【高松宮記念】単勝12番人気の伏兵、ファストフォースがG1初制覇 団野大成騎手も!西村真幸調教師も!

泥だらけになりながら高松宮記念を制した団野とファストフォース(右から2頭目、カメラ・池内 雅彦)
泥だらけになりながら高松宮記念を制した団野とファストフォース(右から2頭目、カメラ・池内 雅彦)
高松宮記念を制し、ファストフォースの馬上で声援に応える団野
高松宮記念を制し、ファストフォースの馬上で声援に応える団野

◆第53回高松宮記念・G1(3月26日、中京・芝1200メートル、不良)

 春G1開幕戦、第53回高松宮記念は26日、中京競馬場で行われ、7歳馬ファストフォースが直線差し切って初のG1勝利。有力馬が不良馬場に苦しむなか、単勝12番人気の伏兵が大仕事を成し遂げた。団野大成騎手(22)=栗東・斉藤崇厩舎=、管理する西村真幸調教師(47)=栗東=も初タイトル。花開いた遅咲きのスプリンターは今後、4月末の香港参戦も視野に入れて調整を進めていく。
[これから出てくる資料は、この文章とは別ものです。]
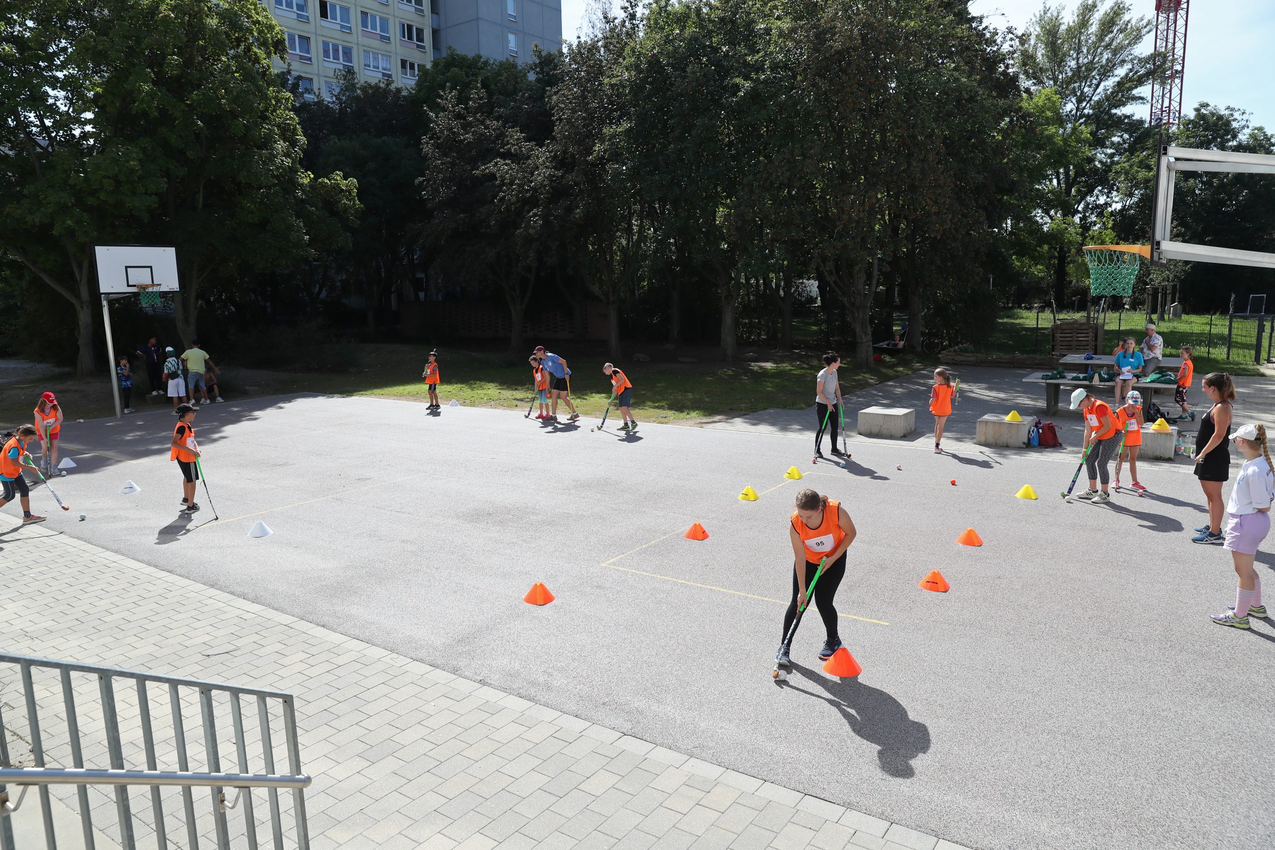 Bei hochsommerlichen Wetter brachten Anna, Jana, Lennard, Leo, Sandra und Jeanette die jungen Talente zum Schwitzen. Wer sich beim Slalom und Passen besonders gut anstellte, wurde vom Stadtsportbund zum Training beim HCLG eingeladen. Aber auch die verborgenen Talente bekommen von uns natürlich eine Einladung zum Schnuppertraining. Insgesamt war es eine schöne und sehr gut organisierte Veranstaltung. Wir hoffen, dass unsere Nachwuchsmannschaften schon bald neue Mitspielerinnen begrüßen können.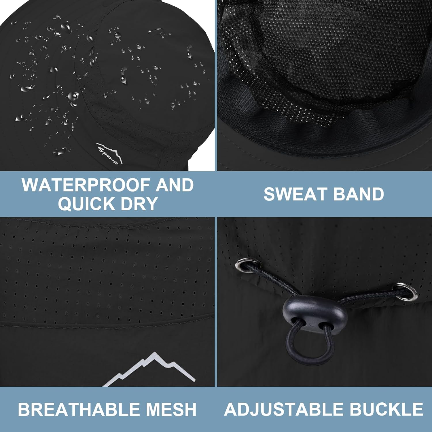 - WATERPROOF&SWEAT-ABSORBENT:The stylish fishing hat is waterproof and breathable. What's more, it is also sweat absorbent for which there is a sweat band inside. Taking with our sun protection hat to do what you want, ignoring the harsh sun and the light rain.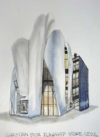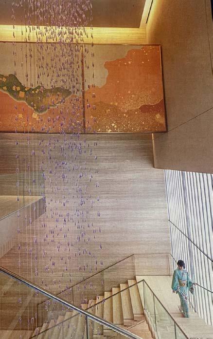 This is an image taken from a magazine (on the right), and a rendering that I made with watercolors (pictured on the left). It is the Okura Tokyo Hotel's lobby. The photograph was taken by Jimmy Cohrssen. The Wisteria chandelier is 40-feet long, and according to "Interior Design", they change it out and put a new one in weekly.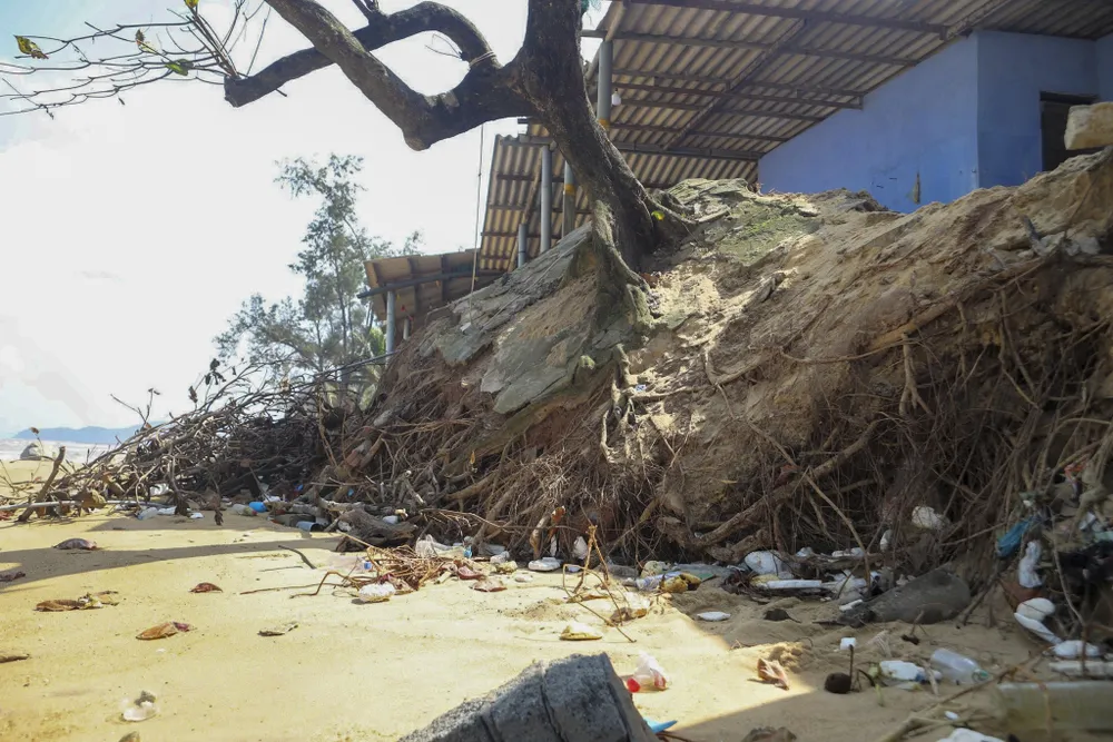 Hệ thống cây xanh phòng hộ ven biển cũng bị bật gốc. Những bộ rễ cây phi lao, dừa vốn bám sâu vào lòng đất để giữ cát nay trơ trọi trước những con sóng bạc đầu.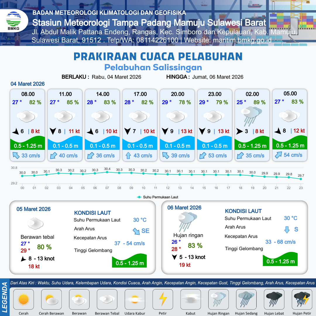 3 Mar 26, 23.00 3 jam kedepan | Berawan Tebal | Utara 10 kt Gust Peningkatan kecepatan angin yang singkat dan tiba-tiba : 12 kt | | | 10 km | 27 °C | 82 % | +0.29 m |
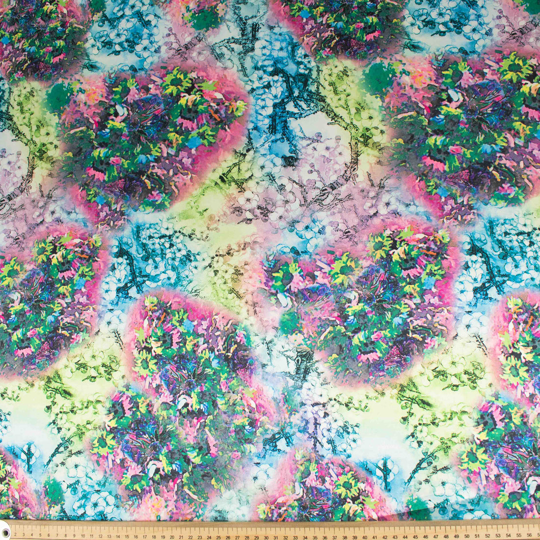 Printed Satin Design-62 Blue, Pink & Green Floral

 直線で追い出すと、ファストフォースは不良馬場をものともせずにぐいぐい伸びた。並んできたナムラクレアを振り切り、ゴール板を駆け抜けると団野は左手を大きく振り上げた。レース後には西村調教師とグータッチ。「(馬は)しっかりと応えて、力強いレースをしてくれました」。人馬とも待望のG1初制覇の瞬間だった。

 泥だらけの勝負服が、雨中の激戦を何よりも物語っていた。容赦なく降り続く雨の中、馬場状態は刻々と変化。「外枠を引けたので、馬場のいいところを」と思い描きながらスタートすると「思った以上に進みがよくて、どこかでひと息入れたいと思っていたら、4コーナーまでうまくその形になって、スムーズにいった」。戦前のプラン通りに勝利への道が開けた。

 緩急自在の強さを持っていた。地方から出戻りの経験もある7歳馬は、父ロードカナロア(13年)と父子制覇を達成。21年CBC賞では1分6秒0でレコード勝ちしたが、この日は一転1分11秒5と8Rの1勝クラスと0秒8しか変わらないタイムで勝利。G1の舞台で“二刀流”ぶりを見せた愛馬に、西村師も「脚元が弱く坂路でしか調教できないが、7歳になりびっしりやれるようになった。今日は520キロを切っていたので、チャンスはあると思っていた」と会心の笑顔だ。

 直線でアグリと接触する場面があった鞍上は、レース後の会見で「ガッツポーズはしてはいけなかった」と反省しきり。同期で初のJRA・G1勝ちで、昨秋から4人目となる20代でのG1ジョッキー誕生の波にも乗った。今後について安原浩司オーナー(63)は「様子を見て春の香港も考えています」と、チェアマンズスプリントプライズ・G1(4月30日、シャティン)を見据えた。22歳の若武者と、頼れるベテランスプリンターのコンビが、短距離界の頂点に立った。(山下 優)

 ◆ファストフォース 父ロードカナロア、母ラッシュライフ(父サクラバクシンオー)。栗東・西村真幸厩舎所属の牡7歳。北海道浦河町・三嶋牧場の生産。通算29戦7勝(うち地方4戦3勝)。総獲得賞金は3億1384万7000円(うち地方212万円)。重賞2勝目。主な勝ち鞍は21年CBC賞・G3。馬主は安原浩司氏。

 ◆団野 大成(だんの・たいせい)2000年6月22日、滋賀県生まれ。22歳。父の勝さんが所属する斉藤崇厩舎から19年3月に騎手デビュー。21年の日経新春杯(ショウリュウイクゾ)で重賞初制覇を挙げる。JRA通算183勝。重賞はG1・1勝を含む4勝。